Below are lines of records; copy exactly those from the one containing "Granitový drez Mexen" through the one containing "For both empirical", leaving the pictures behind.

*PROVIDED MATERIAL*
=== Section Start ===
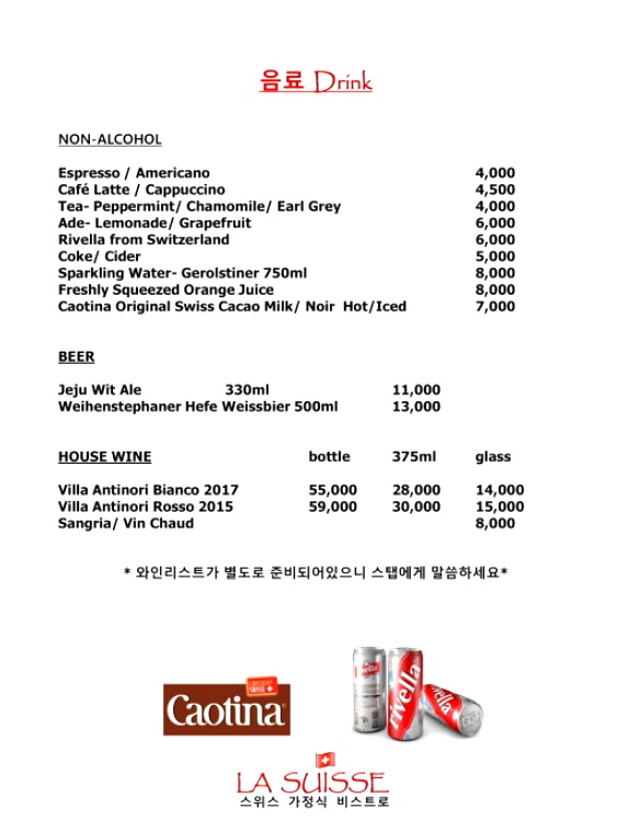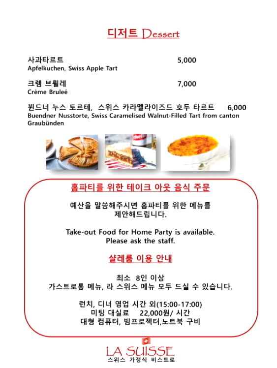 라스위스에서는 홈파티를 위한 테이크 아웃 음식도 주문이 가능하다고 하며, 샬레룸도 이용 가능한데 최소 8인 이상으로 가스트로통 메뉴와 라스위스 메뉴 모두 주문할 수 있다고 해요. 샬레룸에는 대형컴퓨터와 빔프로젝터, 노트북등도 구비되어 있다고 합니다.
=== Section End ===
=== Section Start ===
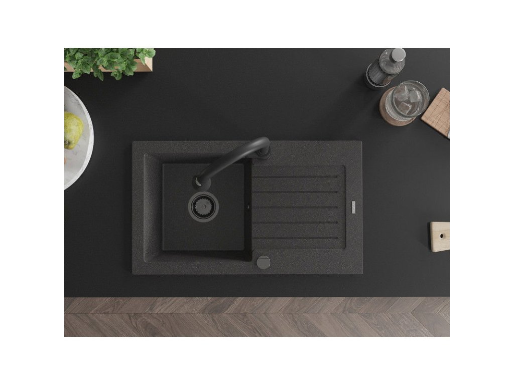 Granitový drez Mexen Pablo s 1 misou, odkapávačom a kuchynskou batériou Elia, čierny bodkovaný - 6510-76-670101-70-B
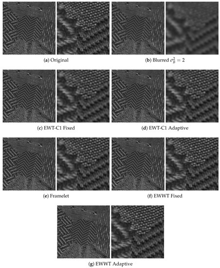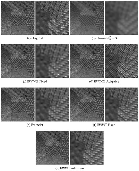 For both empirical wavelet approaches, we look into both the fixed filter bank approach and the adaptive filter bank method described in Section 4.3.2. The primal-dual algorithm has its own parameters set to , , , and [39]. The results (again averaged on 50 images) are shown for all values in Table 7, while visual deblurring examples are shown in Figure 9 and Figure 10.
=== Section End ===
=== Section Start ===
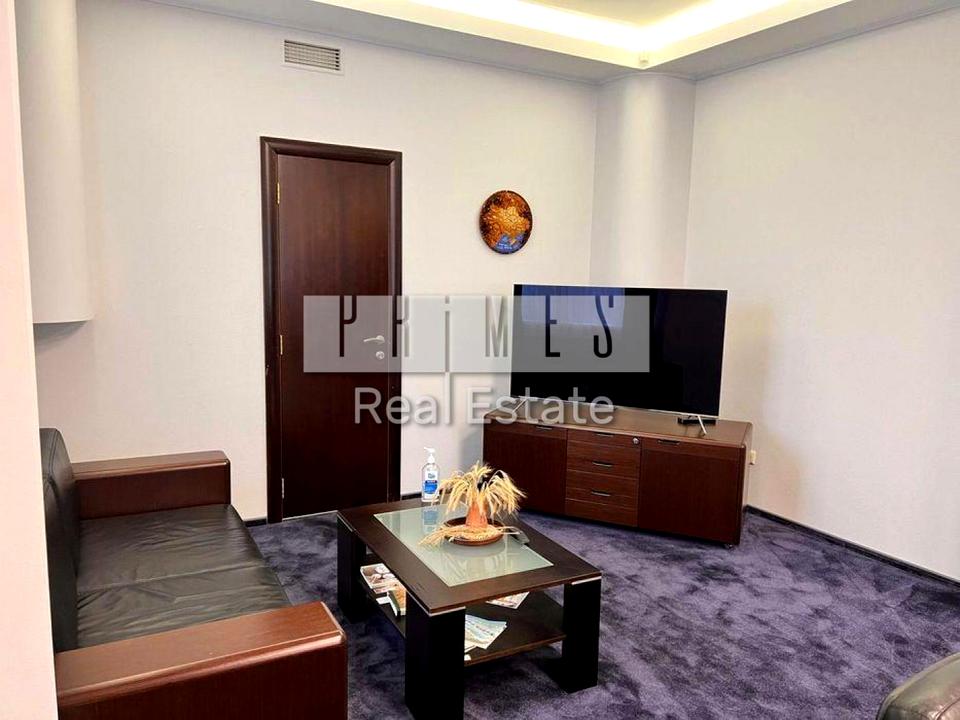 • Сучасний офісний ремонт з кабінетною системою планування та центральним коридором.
=== Section End ===
*WRITTEN REPLY*
 Granitový drez Mexen Pablo s 1 misou, odkapávačom a kuchynskou batériou Elia, čierny bodkovaný - 6510-76-670101-70-B
 For both empirical wavelet approaches, we look into both the fixed filter bank approach and the adaptive filter bank method described in Section 4.3.2. The primal-dual algorithm has its own parameters set to , , , and [39]. The results (again averaged on 50 images) are shown for all values in Table 7, while visual deblurring examples are shown in Figure 9 and Figure 10.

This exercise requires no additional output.